Mustafa Özcan
18.07.2018
Mustafa Özcan
Berbat ikilinin ortaklığı
Tüm Yazıları

Berbat ikilinin ortaklığı

Trump ile Putin arasında Helsinki'de yapılan zirve sonuçsuz kaldı. Denildiği gibi dağ fare doğurdu. Bu zirve Amerikalıları utanca, mahcubiyete gark etti. Trump Putin'e toz kondurmazken kendi ülkesini ve kurumlarını yerden yere vurdu. Son sıralarda NATO toplantılarında yaptığı gibi. Adeta Kaddafi'yi aratmıyor. Onun gibi hareket ediyor. Kaddafi'nin Arap zirvelerinde ve BM toplantılarında kaçık davranışları gibi davranışlar gösteriyor, sergiliyor. Anladık bazı saplantıları var ve bu nedenle Müslümanlıklarından dolayı Arapları, renklerinden dolayı da siyahları ve melezleri hazzetmiyor, aşağılıyor ama ne oluyor da Batılı liderleri de haşlıyor ve yerden yere vuruyor! Dengeli biri olmadığı belli. Helsinki zirvesiyle birlikte bu yönü bir kez daha ortaya çıktı. Putin karşısında süt dökmüş kedi gibiydi.
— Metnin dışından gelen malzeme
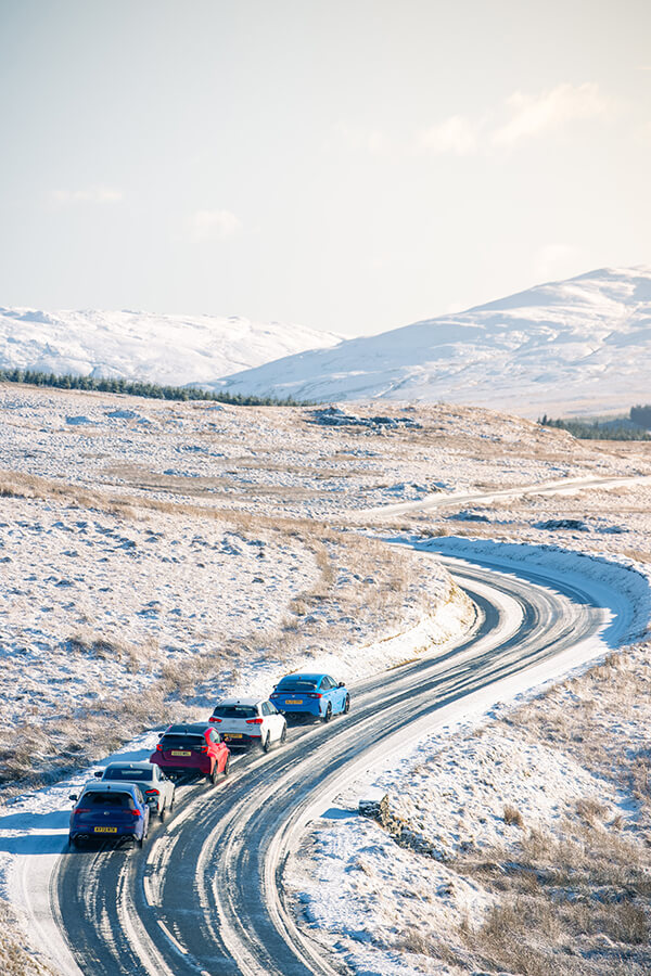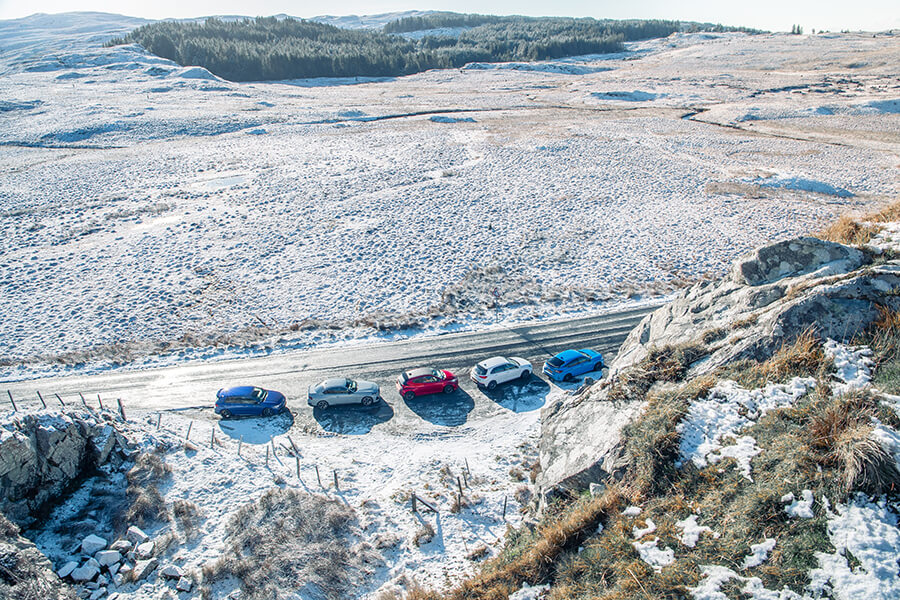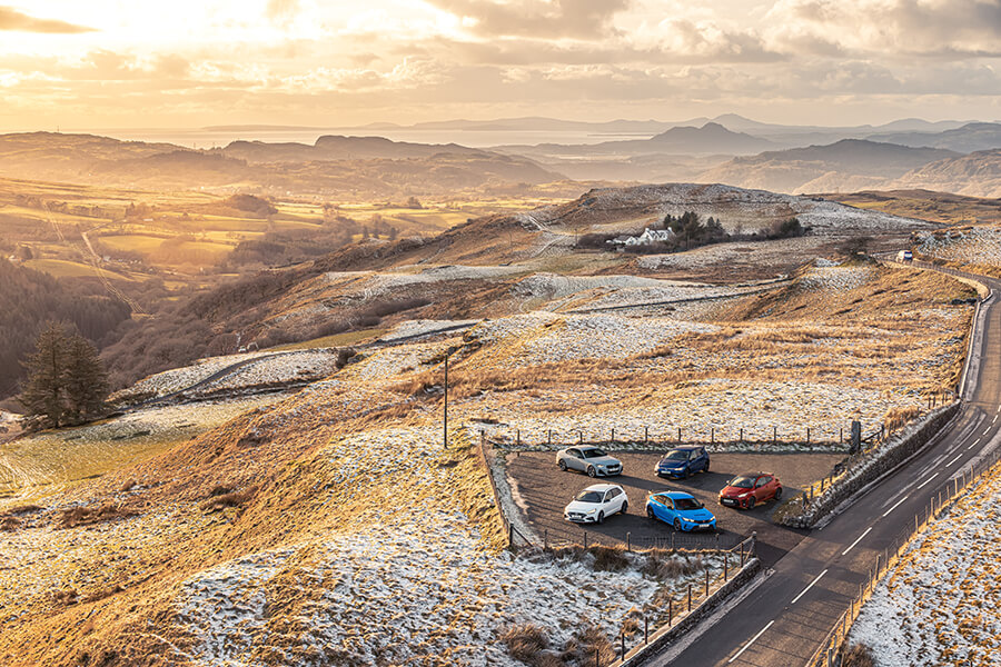 這一切不是很美好嗎?冬日輕撫著斯諾多尼亞的丘陵,光與影交織出恍如浮雕的效果。山谷中可見薄霧漂渺,較高處遍地鬆脆雪粉,樹葉上的白霜折射出彩虹樣的綜紛色彩。簡而言之,這是一個登高遠足清清腦袋抖擻精神的好日子。可是在這種日子設法勘破五部利用粗壯夏季輪胎努力在充沛動力與濕滑路面之間斡旋的出色汽車在動態性能上有何差別,就不是那麼妙了。所以這天早上我們會疊埋心水享受沿途風光,順其自然拍一些照片,等到下午和明天才在海拔較低的地方認真試招。一想到這,我簡直急不及待好想大開油門。

Adeta Moskova'da yaptığı 'cinsel' yaramazlıklarının, kaçamaklarının ağırlığı, yükü altındaydı. Putin ise Trump hakkında ellerinde bu yönüyle kaset veya arşiv malzemesi bulunmadığı söylüyor. Yine de zirve sırasında Trump'ın kazanmasını dilediklerini ifade etmiştir. Zira Putin'e göre Trump yararlanılması gereken koca bir ahmaktır. Putin şantajcı ve manipülatör konumunda Trump ise sırlarının esiri. Obama aşağılık kompleksiyle malul bir liderdi. Siyaseten hödük ve bodur karakterli bir adamdı. Derisi gibi yüreği de yanıktı. 8 yıl boyunca Putin ve Hameney'e hizmet etmekten geri durmadı. Trump ise İran'a karşı selefinden farklı davranmakla birlikte Putin karşısında yelkenlerini indirmiş vaziyette. Dolayısıyla dünyanın süper gücü berbat ikilinin elinde. Amerikan demokrasisinin en büyük zafiyeti lobiler ve lobicilik faaliyetleridir. Bunun en barizi de Siyonizm lobisidir. Trump, Siyonizm lobisinin pençesindedir. Damadı Jared Kushner, Trump adına Arap dünyasını ve bölgeyi tedvir etmeye ve Filistin davasını tasfiyeye çalışıyor.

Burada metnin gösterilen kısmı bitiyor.